Farming News - Weekly round up of the Wheat & OSR markets

Weekly round up of the Wheat & OSR markets

Jonathan Lane, ADM Agriculture’s head of grain trading, comments on the wheat market

Despite markets retracing from the recent multi-year high, all major grain exchanges still managed modest gains on the week.

Talk of increased Russian taxes and the potential of further export curbs initially continued to push markets higher, before spill-over pressure from weaker soybean and maize markets pulled wheat off its recent highs.

Russia is set to double its original export tax proposal on wheat to €50/t between 1 March and 30 June. There is talk of potential further curbs on volume and an extension into the new marketing season.

Agri-consultancy IKAR has lowered its forecast for Russian wheat exports in 2020/21 to 37.5mln t, due to the impending tax.

Until the situation is sorted out, export pricing will become a bit of a lottery.

Algeria purchased 390,000t of wheat, including French, German and Argentine origins at the latest tender. The price paid was described as aggressive, reflecting a sizeable discount to replacement levels presumably to ensure physical execution actually happens.

Several further international tenders are expected, although whether the Algerian offer will be repeated remains to be seen.

European wheat prices paused after reaching a 7.5-year high as the trade await further indications on how Russia’s plans will affect global prices.

UK prices end the week on a firmer note, following other markets with currency little changed. Fundamentals also remain much the same, with the country needing to reach a price level that ensures additional imports are secured.

Elsewhere, Ukraine will decide whether to limit maize exports in the 2020/21 season on 25 January. The move was requested by animal feed companies and meat producers to avoid higher food prices.

Ukraine’s year-on-year grain exports have fallen 18% to 27.6mln t according to official figures, and include 12.75mln t of wheat, 10.5mln t of maize, and 3.9mln t of barley.
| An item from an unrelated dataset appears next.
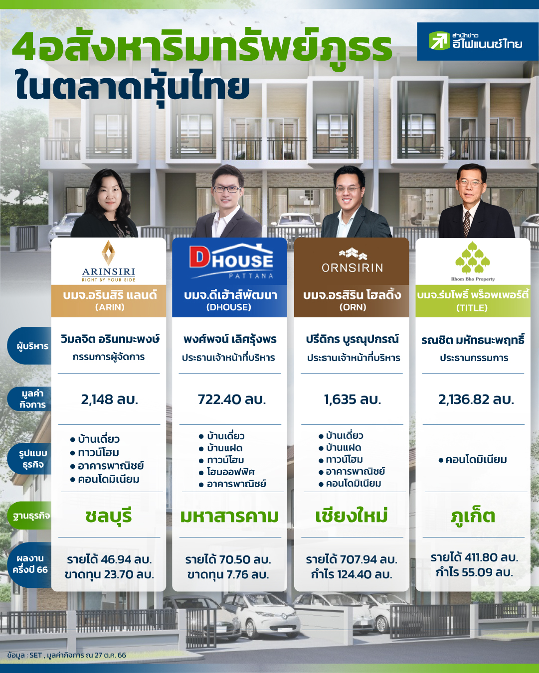 บริษัทจดทะเบียนในตลาดหุ้นไทยกลุ่มอสังหาริมทรัพย์ ล่าสุดมีสมาชิกใหม่ เมื่อวันที่ 30 ต.ค.66 ที่ผ่านมา มีบริษัทอสังหาริมทรัพย์น้องใหม่อย่าง บมจ.อรสิริน โฮลดิ้ง (ORN) เข้าซื้อขายในตลาดหุ้นเป็นวันแรก จุดเด่นของ ORN คือเป็นผู้นำอสังหาริมทรัพย์ชั้นนำในจังหวัดเชียงใหม่ ซึ่ง ORN ไม่ได้เป็นบริษัทอสังหาริมทรัพย์ในต่างจังหวัดรายแรกในตลาดหุ้นไทย เพราะก่อนหน้านี้มีหลายบริษัทเข้ามาระดมทุนมาแล้ว โดย "สำนักข่าวอีไฟแนนซ์ไทย" จึงได้นำข้อมูลผู้ประกอบการอสังหาริมทรัพย์ในตลาดต่างจังหวัด พบว่ามีอีก 3 บริษัทได้แก่

International Grains Council raised its forecast for 2020/21 global wheat production by 3mln t, citing higher production for Australia, Canada and Russia. However, it slashed the global corn crop by 13mln t due to lower US production.

Strategie Grains raised its forecast of the EU-27 2021 soft wheat crop to 129.7mln t, which would be 10.4mln t higher than this season.

Buenos Aires Grain Exchange reported that the Argentine wheat harvest was complete, with average yields reported 3% lower year on year, with just over 7% of the planted area lost due to unfavourable weather. The crop is estimated at 17mln t.

Argentina’s government has reopened corn exports amid surging registrations as traders believe the country could raise export taxes in the near future.

Will Ringrose, ADM Agriculture’s head of oilseeds, comments on the OSR market

Chicago soybeans continued the sharp sell-off this week , closing lower again for the third session in a row on Wednesday night. Beans were nearly 30 cents down again, but managed to claw back to a 17 cent loss at the end of the session.

There seemed to be more profit taking in Wednesday’s session, with funds again reducing their long.

South American weather remains under a watchful eye. Rains in most growing areas have taken some weather premium out of prices, but the outlook appears dry over the next 10 days.

IHS (formerly Informa) raised Brazil’s soybean production estimates from 132.5mln t to match USDA’s 133mln t. Crop consultancy AgRural estimates 4% of the crop is harvested , compared with 2% last year.

In China Covid-19 cases are on the rise. Renewed lockdowns are now being enforced in Hebei Province. People are reported to be stockpiling food ahead of tighter restrictions.

Veg oil markets were again lower. Malaysian palm eased 3.3% and there has been  a continuation of profit taking and concerns over demand. Exports of Malaysian palm from 1 –20 January were reported down 41% to 1.07mln t. Indian officials are talking of further import taxes, which pressured prices.

Matif rapeseed followed the wider market lower, although it has since traded off the lows of the week.

Sterling is back at the highs of 1.1300, which will pressure UK prices slightly.